Behavioural Sciences Unit, Kids Cancer Centre, Sydney Children's Hospital NSW, Sydney, New South Wales, Australia.
Discipline of Paediatrics & Child Health, UNSW Medicine & Health, Randwick Clinical Campus, University of NSW, Sydney, New South Wales, Australia.
Support Care Cancer. 2023 Jul 4;31(7):441. doi: 10.1007/s00520-023-07875-4.
To qualitatively explore Australian healthcare professionals' perspectives on how to improve the care and management of cancer-related financial toxicity, including relevant practices, services, and unmet needs.
We invited healthcare professionals (HCP) who currently provide care to people with cancer within their role to complete an online survey, which was distributed via the networks of Australian clinical oncology professional associations/organisations. The survey was developed by the Clinical Oncology Society of Australia's Financial Toxicity Working Group and contained 12 open-ended items which we analysed using descriptive content analysis and NVivo software.

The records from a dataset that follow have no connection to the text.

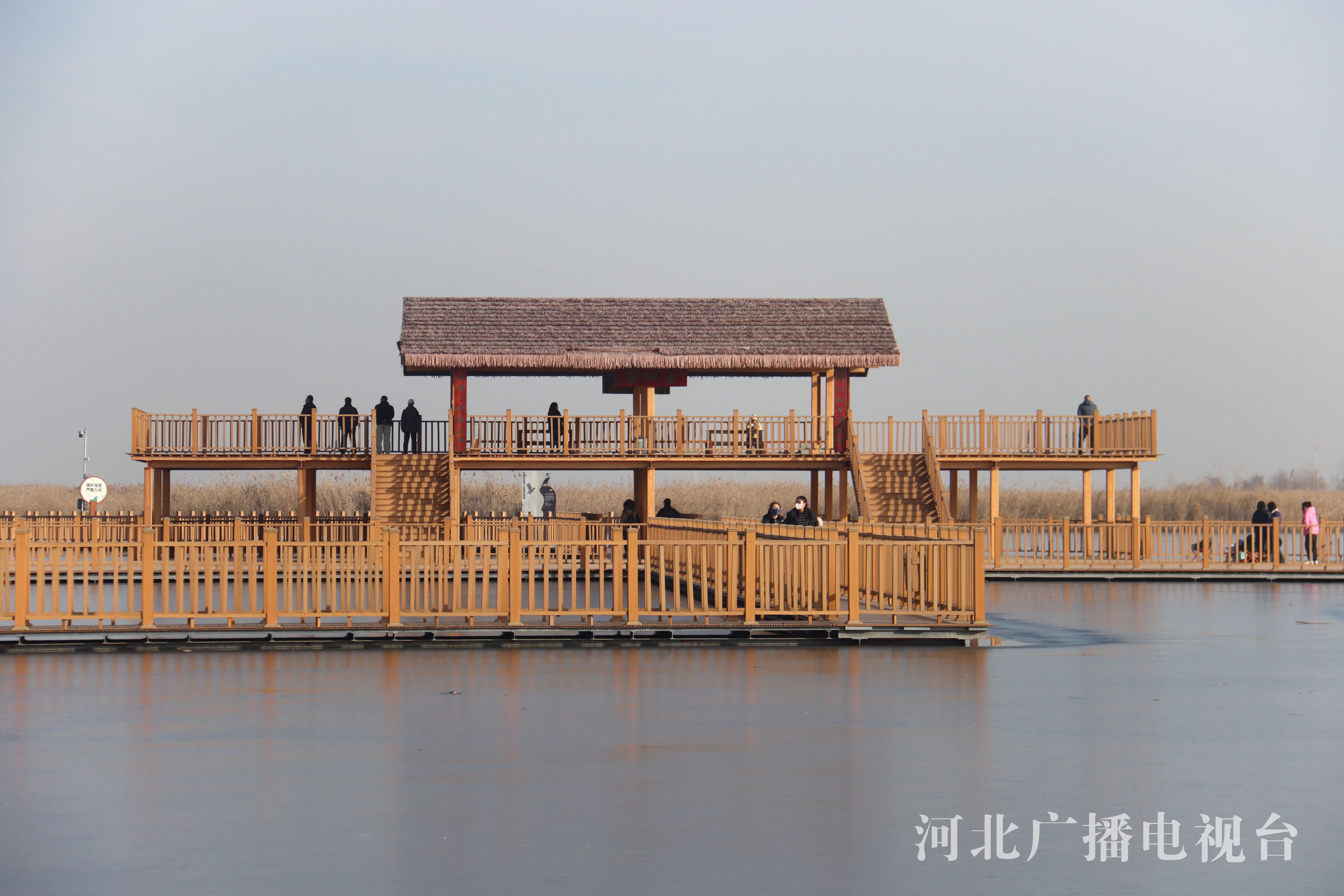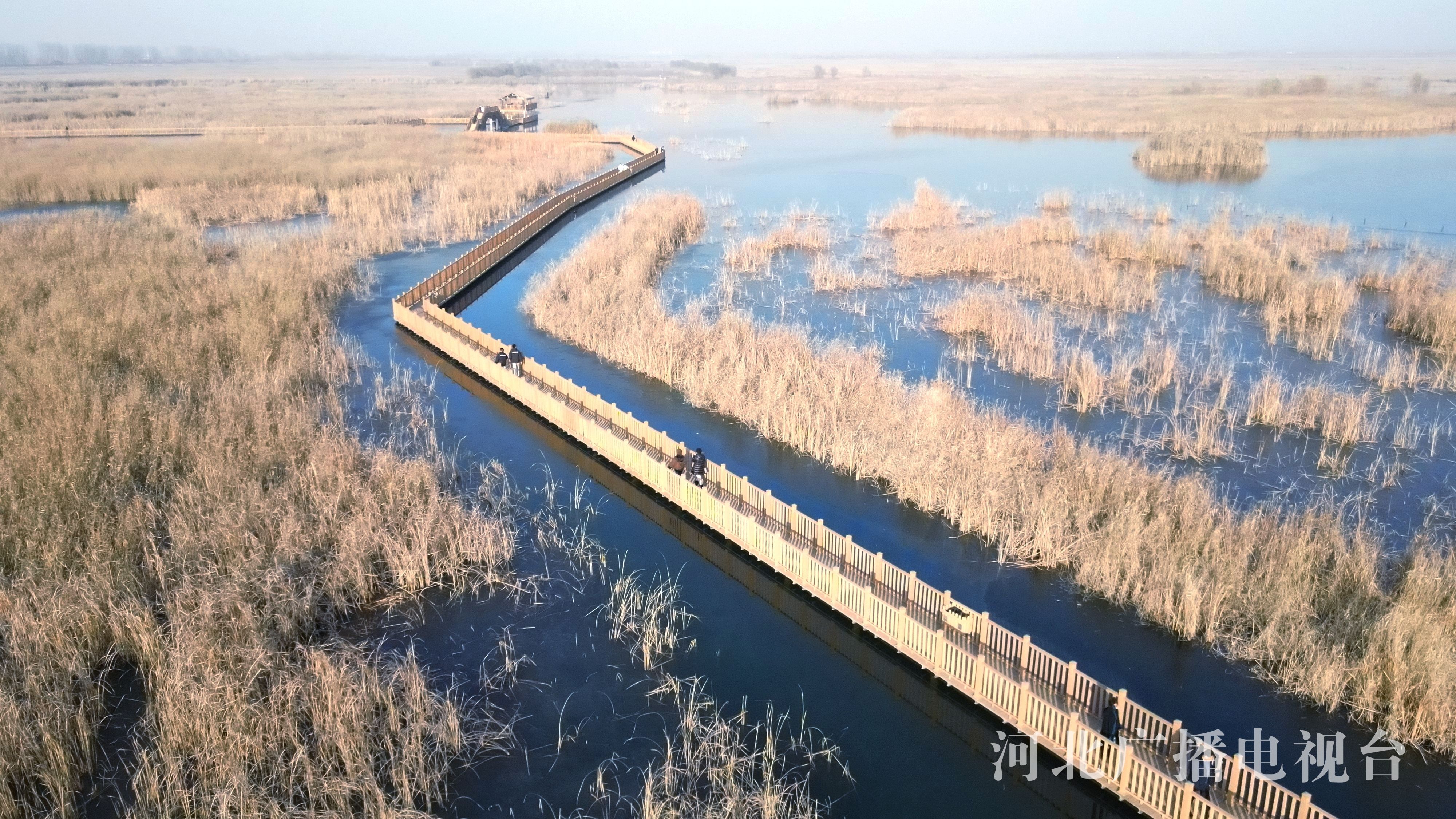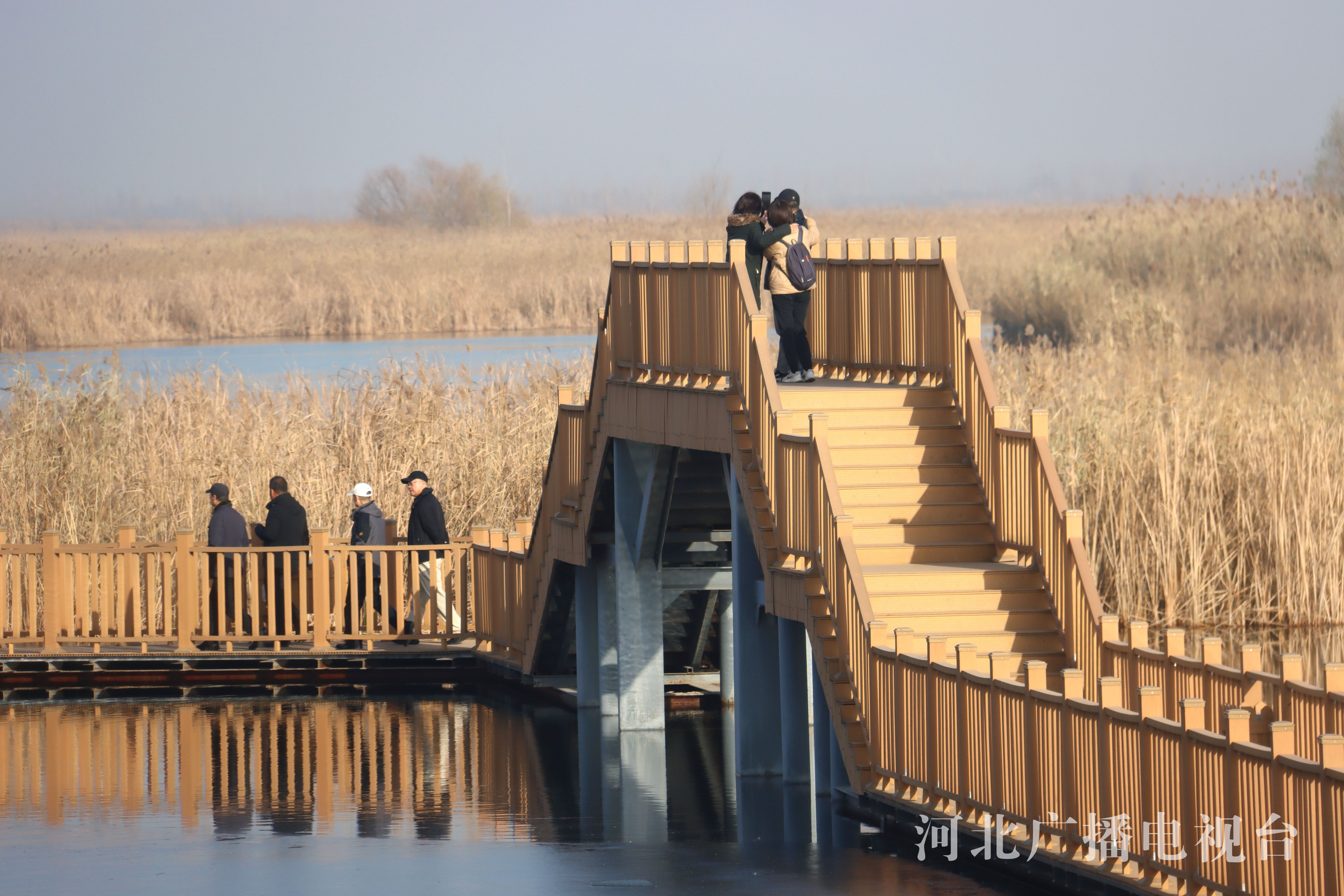 冀时客户端报道 (拍客 张建民)冬日的白洋淀长廊,远离了夏日的喧嚣,增添了一种静谧之美。金黄的芦苇迎风摇曳,芦花轻盈,苇絮如羽,各种不知名的鸟儿时而腾空而起,好似向游人展示自己漂亮的身姿。游人行走在长廊上欣赏着冬季里白洋淀特有的美景,仿佛构成了一幅唯美的画卷。
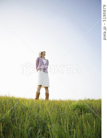 草原に立つ女性
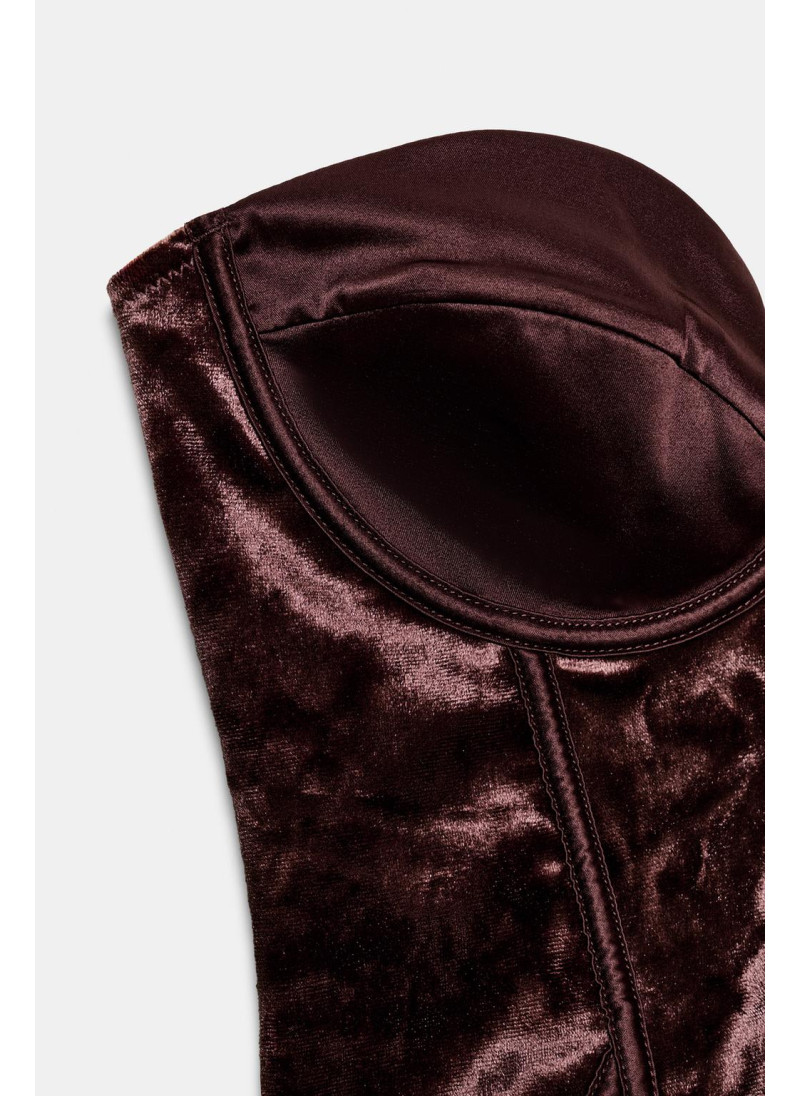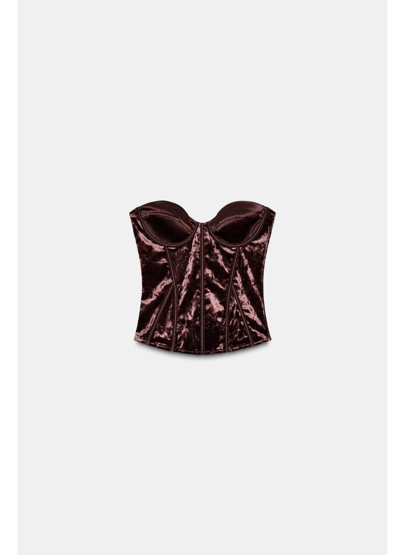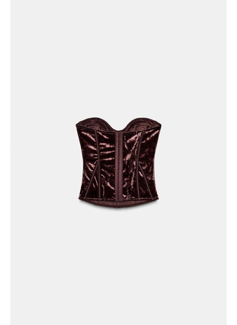 Корсет с поддержкой, изготовленный из бархатистой ткани. С открытими плечами. С застежкой на молнии по шву.

HCPs (n = 277) believed that identifying and addressing financial concerns within routine cancer care was important and most believed this to be the responsibility of all HCP involved in the patient's care. However, financial toxicity was viewed as a "blind spot" within a medical model of healthcare, with a lack of services, resources, and training identified as barriers to care. Social workers reported assessment and advocacy were part of their role, but many reported lacking formal training and understanding of financial complexities/laws. HCPs reported positive attitudes towards transparent discussions of costs and actioning cost-reduction strategies within their control, but feelings of helplessness when they perceived no solution was available.

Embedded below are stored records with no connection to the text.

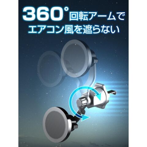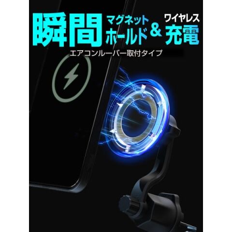 エアコンルーバー取付けタイプのワイヤレス充電機能付きマグネットホルダーです。
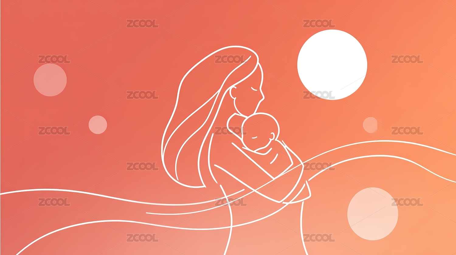 绘画,红色,母爱,温柔,关爱,呵护,温暖,拥抱,婴儿,亲情
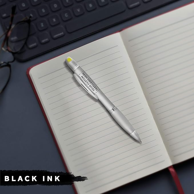 DISCOUNT PROMOS 10 Marathon Gel Highlighter Pens Pack - Customizable Text, Logo - Twist Mechanism, Ballpoint - Silver
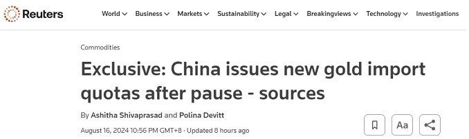 路透社8月16日发布独家报道称,几家中国银行已从央行获得新的黄金进口配额,该配额是在8月份发放的,此前暂停了两个月
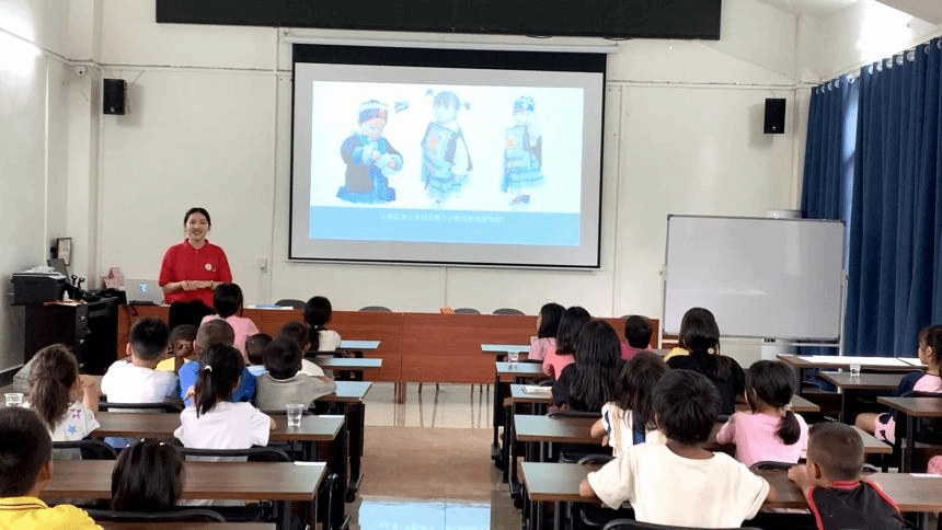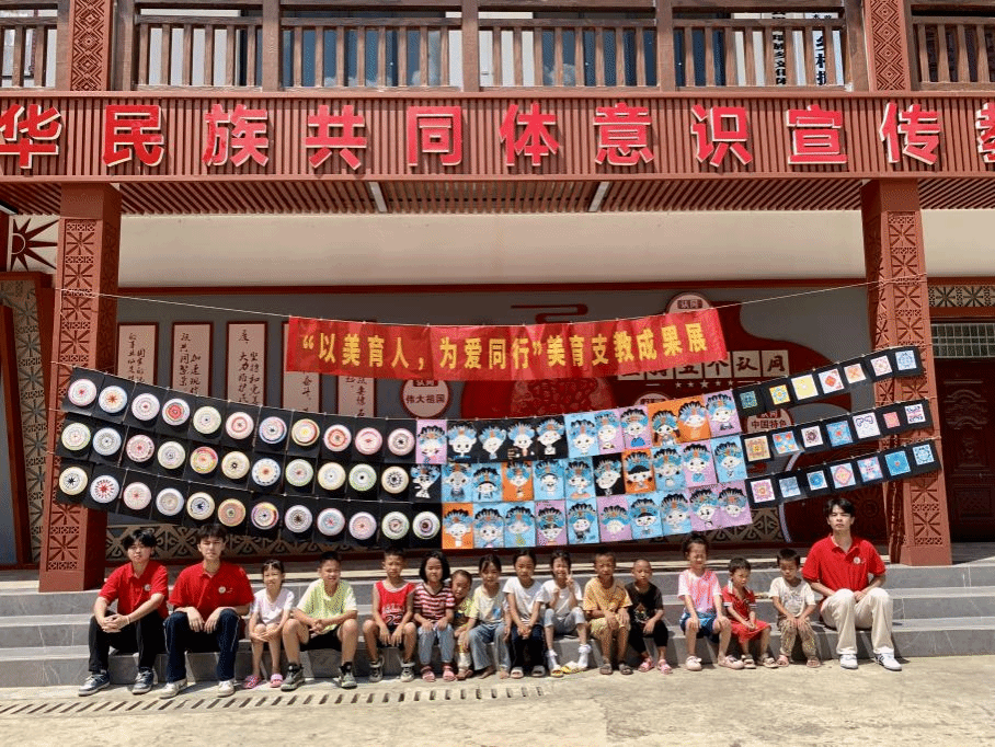 “育美乡情”实践团与朵努社区共建大学生美育实践基地,为南丹县朵努社区留守儿童精心设计美育支教课程,结合白裤瑶族文化,面向近200名留守儿童开展了白瑶童帽绘画、猴棍舞、红色歌曲传唱、普通话培训等为期3天的课程教学,指导白裤瑶族留守儿童完成绘画作品120幅,举办2场“以美育人,为爱同行”美育支教成果展,并自发筹款向白裤瑶族留守儿童捐赠水彩笔等美育教学用具182套,充分表达对当地留守儿童的关爱。
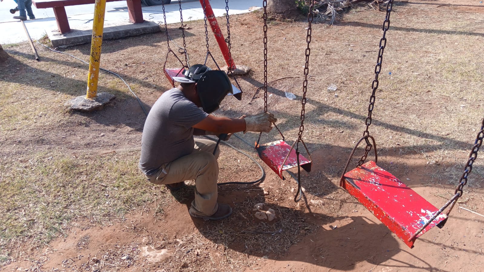 Como parte de estas labores, personal municipal llevó a cabo la reparación de los juegos infantiles en la plaza pública de la colonia Satélite, con el objetivo de ofrecer a niñas y niños un espacio más seguro, funcional y atractivo para su convivencia y recreación.
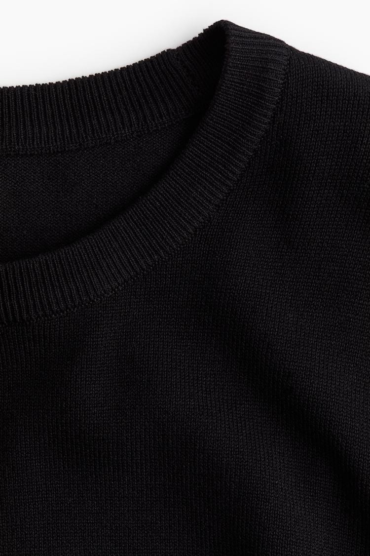 Soft viscose-blend and cotton fabric combine with fine-knit texture to create this matte black shell top. Featuring a classic round neckline, half-length sleeves with ribbed cuffs, and a ribbed hem, it offers a regular fit that is both comfortable and versatile. The covered back and pullover style enhance the minimalist design, making it an ideal choice for casual outings, workwear, and business casual settings. Its clean silhouette and ribbed detailing add subtle elegance, suited for all-season wear.

Identifying financial needs and providing transparent information about cancer-related costs was viewed as a cross-disciplinary responsibility, however, a lack of training and services limited the provision of support. Increased cancer-specific financial counselling and advocacy, via dedicated roles or developing HCPs' skills, is urgently needed within the healthcare system.
定性探讨澳大利亚医疗保健专业人员如何改善与癌症相关的财务毒性的护理和管理,包括相关实践、服务和未满足的需求。
我们邀请了目前在其工作岗位上为癌症患者提供护理的医疗保健专业人员(HCP)通过澳大利亚临床肿瘤专业协会/组织的网络完成在线调查。该调查由澳大利亚临床肿瘤学会财务毒性工作组制定,包含 12 个开放式项目,我们使用描述性内容分析和 NVivo 软件对其进行了分析。
HCP(n=277)认为在常规癌症护理中识别和解决财务问题很重要,他们大多认为这是所有参与患者护理的 HCP 的责任。然而,财务毒性被视为医疗保健的医疗模式中的“盲点”,缺乏服务、资源和培训被认为是护理的障碍。社会工作者报告说评估和倡导是他们工作的一部分,但许多人报告说缺乏财务复杂性/法律的正式培训和理解。HCP 对在其控制范围内透明地讨论成本和实施成本降低策略持积极态度,但当他们认为没有解决方案时,会感到无助。
确定财务需求并提供有关癌症相关费用的透明信息被视为跨学科责任,但培训和服务的缺乏限制了支持的提供。在医疗保健系统中迫切需要增加专门的财务咨询和倡导角色或培养 HCP 的技能。